VPA: When targetRef is a Rollout, VerticalPodAutoscalerCheckpoint history is reset during deployment

kodmaskinen commented 7 months ago

Which component are you using?: vertical-pod-autoscaler

What version of the component are you using?: Component version: 1.0.0

What k8s version are you using (kubectl version)?: 1.29.1

kubectl version Output

$ kubectl version
Client Version: v1.29.4
Server Version: v1.29.1-eks-508b6b3

What environment is this in?: EKS

What did you expect to happen?: I expect the VPA to retain the history from earlier versions of the same Rollout.

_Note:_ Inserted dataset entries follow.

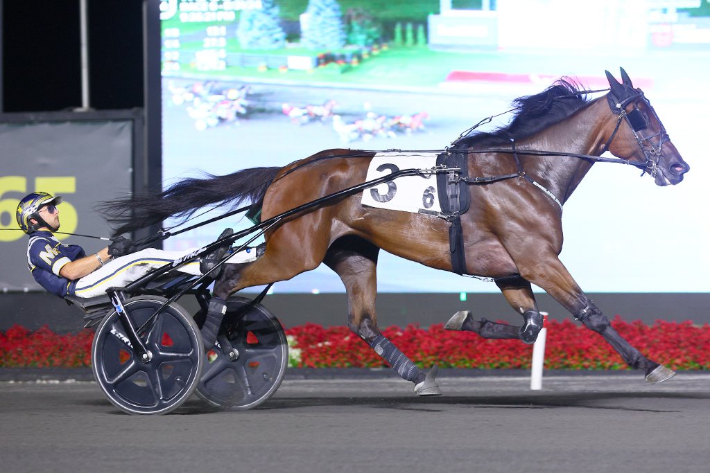 MILTON, August 31, 2024— Hambletonian runner-up Highland Kismet glided over the Woodbine Mohawk Park oval as the prohibitive 1-9 choice on Saturday night to lower the stakes record in the $164,000 Simcoe Stakes under wraps. Again, driver Bob McClure gapped the gate a tad with Highland Kismet, but as positions started to settle through the first eighth he hit the motor on the Mark Etsell trainee. Highland Kismet swiftly grabbed the lead from his stablemate Willowtime after a :27.3 first quarter and strode without a sweat to the backside. “I don’t worry about him. He’s push button now leaving out of there,” McClure said after the race. “You just want to keep them out of trouble. And that’s all I did. I just let the leaver settle and I left mine outside. Coasted to the front, and he took care of the rest.” Highland Kismet saw nary a rival once on the lead. He clicked past the half in :55.4 and 1:24.2 before spurting away on his own volition to a 3-3/4-length win over 98-1 shot Masstercraft. Paquet, the 7-1 second choice, closed for third and Bryant Bros S, who pulled first over midway around the final turn, settled for fourth. Highland Kismet and driver Bob McClure winning the Simcoe Stakes for 3-year-olds on August 31, 2024 (New Image Media) The 1:51.3 mile by Highland Kismet bests the previous stakes mark of 1:51.4 set back in 2010 by Jimmy Takter pupil Little Brown Fox. Saturday’s win for Highland Kismet also marked the first start that the Father Patrick gelding raced without trotting hopples. “We’ve trained him quite fast without them, and we felt that maybe we could develop more speed without them, but I was a little nervous,” trainer Mark Etsell said. “We thought about it, but we thought we we’d wait till after the Hambo for sure, and then make that decision and go from there. That’s why we qualified him, and Bob was very confident with him, so we said we’ll go with it tonight and see what happens.” “I think me and Mark both agreed that the race that he struggled in the Meadowlands [the Stanley Dancer Memorial] was, you know… Mark had trained him a fast mile without them. I think he kind of learned to reach more. And I think that night, the hopples were kind of jamming him up. I think that was most of the problem that night. And then with how loose Mark had them, he let them all the way out there. He was practically tripping on them. I didn’t think they’re really doing much. I think they did a lot more for Mark than they did for [Kismet]; it made him feel better. But I don’t blame him. All the way training down, this horse never wanted to stay flat. So, I see a different horse. I’ve seen one that hasn’t done anything wrong.” Making just the 10th start of his career, Highland Kismet collected his sixth win and added to a bankroll now worth $583,085 for owner-breeder Highland Thoroughbred Farm. “It’s a lot of fun,” McClure also said. “And I think, like Mark said, it’s only his tenth lifetime start, he’s still improving quite a bit. It’s exciting to see what he’s going to do, come October in Lexington and those places. I wouldn’t trade him for anybody. Not just because it’s with Mark and Mary, but he’s an extremely special horse, and he’s a lot of fun to drive, and I’m lucky to be sitting behind him.” Highland Kismet, who Etsell indicated is bound for the Canadian Trotting Classic and then the Bluegrass Stakes at The Red Mile, paid $2.20 to win. Drawn Impression imposed further supremacy over her peers with another decisive victory in the $156,000 Simcoe Stakes for 3-year-old trotting fillies. Outfooted early by R Liza out of post 10, driver Louis-Philippe Roy floated Drawn Impression forward from post 9 and sat an unhurried fifth while parked on the rim through a :26.4 first quarter. R Liza cleared the lead to the backstretch and promptly reeled in her speed for a breather, leaving Roy in the perfect spot to push and take over command just past a :56.1 half. “I wasn’t too worried, because I was kind of letting her trot,” said Roy after the race. “I’ve just been easy on her. Like you go a quarter in :28 with her, it’s like if you’re going :30 with another random horse. I mean, she just has a long stride. So the first half, even if it looks a little bit like she had much work to do, she didn’t really work herself.” Roy sat chilly as Drawn Impression cruised on the point around the final turn. She clicked past three-quarters in 1:25 and sprinted for the finish under a hand drive, registering a 3-1/2-length win as the 1-5 favourite over a fast-closing Willys Home Run, who rallied from third over to take second. Second-over Cold Snaps tipped off cover to finish third and Tactical Strike sat a ground-saving trip for fourth. Drawn Impression and driver Louis-Philippe Roy winning the Simcoe for 3-year-old fillies on August 31, 2024 (New Image Media) “The first few times I raced her on the front, like I remember qualifying her – and even the one time in Vernon – I feel like maybe she wasn’t used to it,” Roy also said. “When you got those horses who race on the front for the first time, they’re on and off, and they spend a lot of energy. But even last start and tonight, she’s just like a perfect individual to drive, like an old horse. So the way she is right now, against the competition, I feel like I can let her do what she wants. I wouldn’t want to say that she’s 100 percent safe tonight, and then see her make a break in the next few starts. I don’t want to jinx myself.” A daughter of Muscle Hill out of champion mare Emoticon Hanover, Drawn Impression has now won twice from six starts this season and six times from 12 starts in her career, good for $507,844. The homebred for Serge Godin’s Determination returned $2.50 to win. By Ray Cotolo, for Woodbine Communications Share This:Share
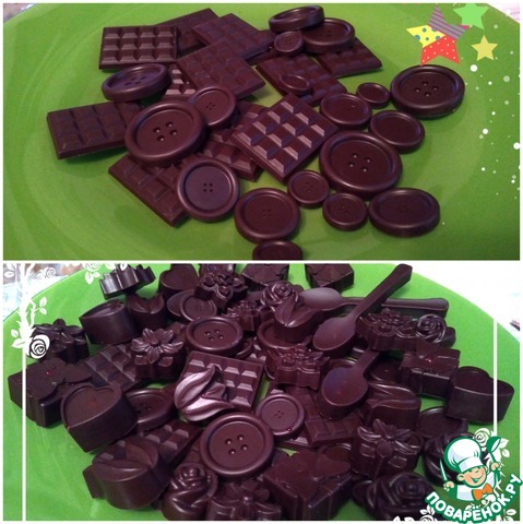 Затем отлить часть массы ( примерно 1/3) и остудить ее до 27 градусов ( поставив емкость в холодную воду). Затем добавить все это в чашку с основной массой и перемешать. Масса должна иметь температуру 30 градусов. Разлить по формам и оставить охлаждаться при комнатной температуре около часа. Затем можно убрать в холодильник минут на 15-20. Достать шоколад из формы.Конечно, повозиться придется, но результат того стоит. Удачи Вам!
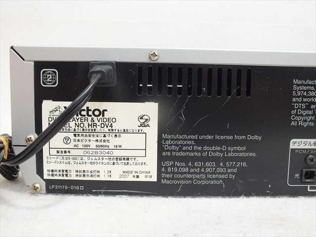 | ◆商品◆ メーカー---------Victor ビクター 型式-------------HR-DV4 付属品-----------画像に写っているものがすべてになります。 ◆外装ランク◆ 【 C 】 ◆状態◆ 中古品の為キズや汚れなどの使用感はご容赦ください。 VHSの再生、音出しOK DVDトレー開閉できず、再生動作出来ません 現状品での出品となります。 【重要】配送送料と送料に送料が0円と表示される場合がございますが、出品画面に記載の送料が落札後にご精算されます。 | |||||||||||||||||
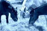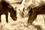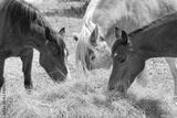Horses eating hay in spring pasture
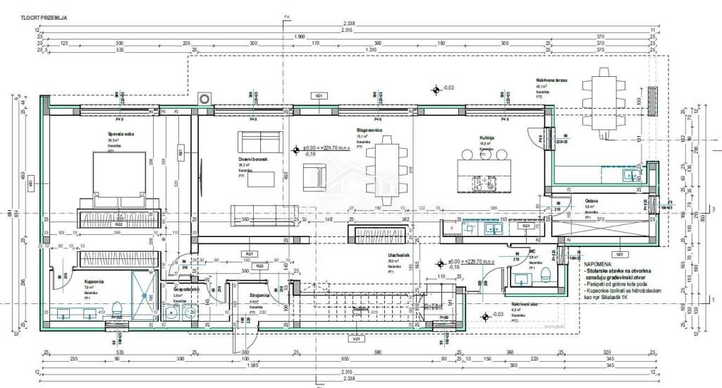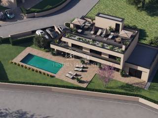 U prizemlju modernog koncepta otvorenog tipa smjestio se dnevni boravak sa kuhinjom i blagovaonicom bogato osvijetljen putem velikih staklenih stijena, povezan sa terasom gdje se nalazi ljetna kuhinja i grijani bazen. Na ovoj etaži imamo još spavaću sobu sa vlastitom kupaonicom i terasom, dodatni toalet, praonicu, ostavu u kuhinji i kotlovnicu sa vanjskim ulazom. Kroz manji hodnik dolazimo do stubišta kojim se penjemo na kat gdje su smještene 3 velike spavaće sobe sa kupaonicama i terasama sa kojih se pruža lijepi pogled na more. Na zadnjoj etaži idealnoj za relax zonu i uživanje izlazimo na prostranu krovnu terasu sa nadstrešnicom, ispod koje su smješteni jacuzzi i sauna sa sunčalištem i fantastičnim panoramskim pogledom na more.
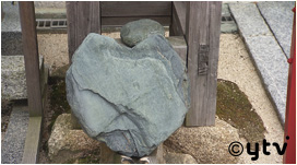 境内にあるハート型の石を胸の位置まで持ち上げて、
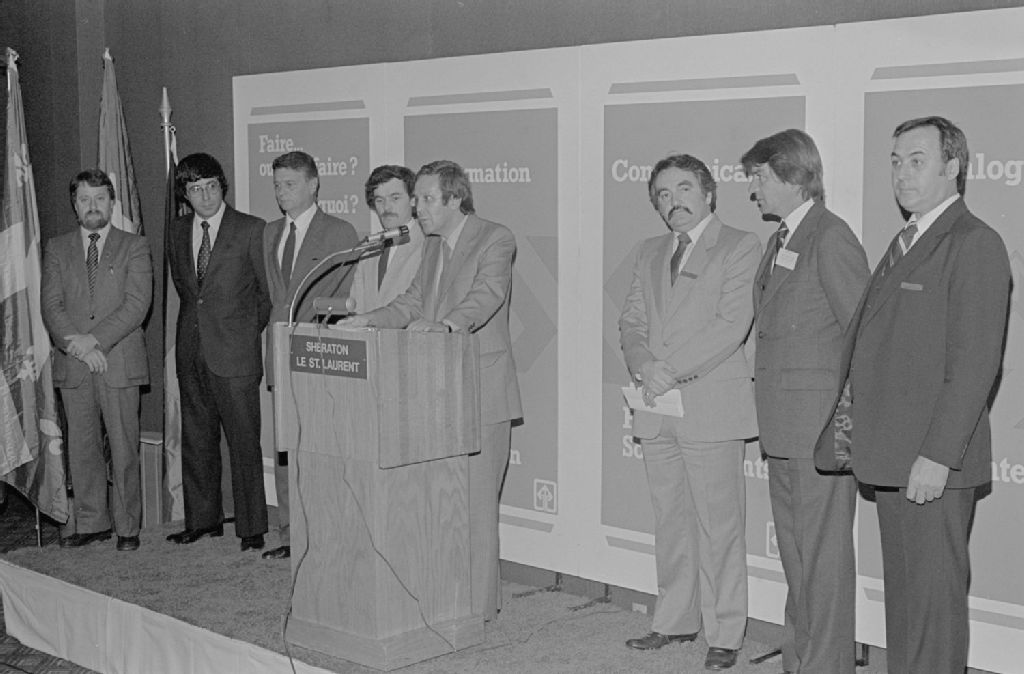 - Il s'agit d'un salon sur les métiers. Nous remarquons des orateurs prononçant des allocutions. De plus, nous voyons les stands du Centre de recherche Industrielle du Québec (CRIQ), de la United Technologies Pratt & Withney Aircraft of Canada et du ministère de l'Industrie, du Commerce et du Tourisme du Québec. Ces photographies ont été commandées par Éliane Denicolloni du ministère de l'Industrie, du Commerce et du Tourisme, Service des communications

What happened instead?: VPA deletes the history from the VerticalPodAutoscalerCheckpoint during deployment of a new version using Argo Rollouts, which often means that the memory target is initially set to low which causes unnecessary OOM situations.

How to reproduce it (as minimally and precisely as possible):

Deploy Argo Rollouts in cluster.
Create a Rollout object (using blue/green strategy).
Create a VPA object referencing the Rollout.
Wait a while until VerticalPodAutoscalerCheckpoint is populated.
Update the rollout and promote (if not using auto-promotion).
When rollout is finished, VerticalPodAutoscalerCheckpoint history is reset/deleted.

Anything else we need to know?: This may be related to the issue mentioned in #5598.

voelzmo commented 7 months ago

Yeah, so deleting the VPACheckpoints is 100% related to what I described in #5598:

The Pods for the new version in a Rollout are created before the Selector is changed to match them. As pointed out before, Rollout works by only updating the Selector to match the new Pods after promoting the new version
The VPA object points to the Rollout object, therefore, the new Pods are not determined to be under control of the VPA
- Note: as I described in #5598, this is the reason why Pods for the new version don't get the same request values assigned as the old version has. You would need to build some additional mechanism which gets the current Pod requests (or recommendations from the VPA Status) and puts them on the new version before rolling in the update. Most likely this is the cause of the OOMKills you're seeing?
Checkpoints are maintained for Pods under VPA control by creating an individual VPACheckpoint per VPA-Container pair
VPA recognizes those new Pods, doesn't find them to be under control of a VPA, does not create a checkpoint yet
Internally, the recommender gathers usage metric samples for the new Containers and creates a new Aggregation
When an Aggregation is created the first time, it is checked if it matches an existing VPA and if so, adds it to the VPA model
For a Rollout, this check is false, in contrast to e.g. a Deployment, where the selectors are updated when the new ReplicaSet is created.
Once the Rollout Selector has been switched, VPACheckpoints are created, but only from the new Aggregations. They're never merged with the existing Aggregations

Hope that explains it a bit.

In general, it seems that the way how Rollouts are designed, it is pretty incompatible how VPA works currently. I guess that's also one of the reasons, why e.g. knative doesn't have VPA support: it is pretty hard to integrate with the process of rolling out new versions by first creating the Pods and only later on switching and updating the selector.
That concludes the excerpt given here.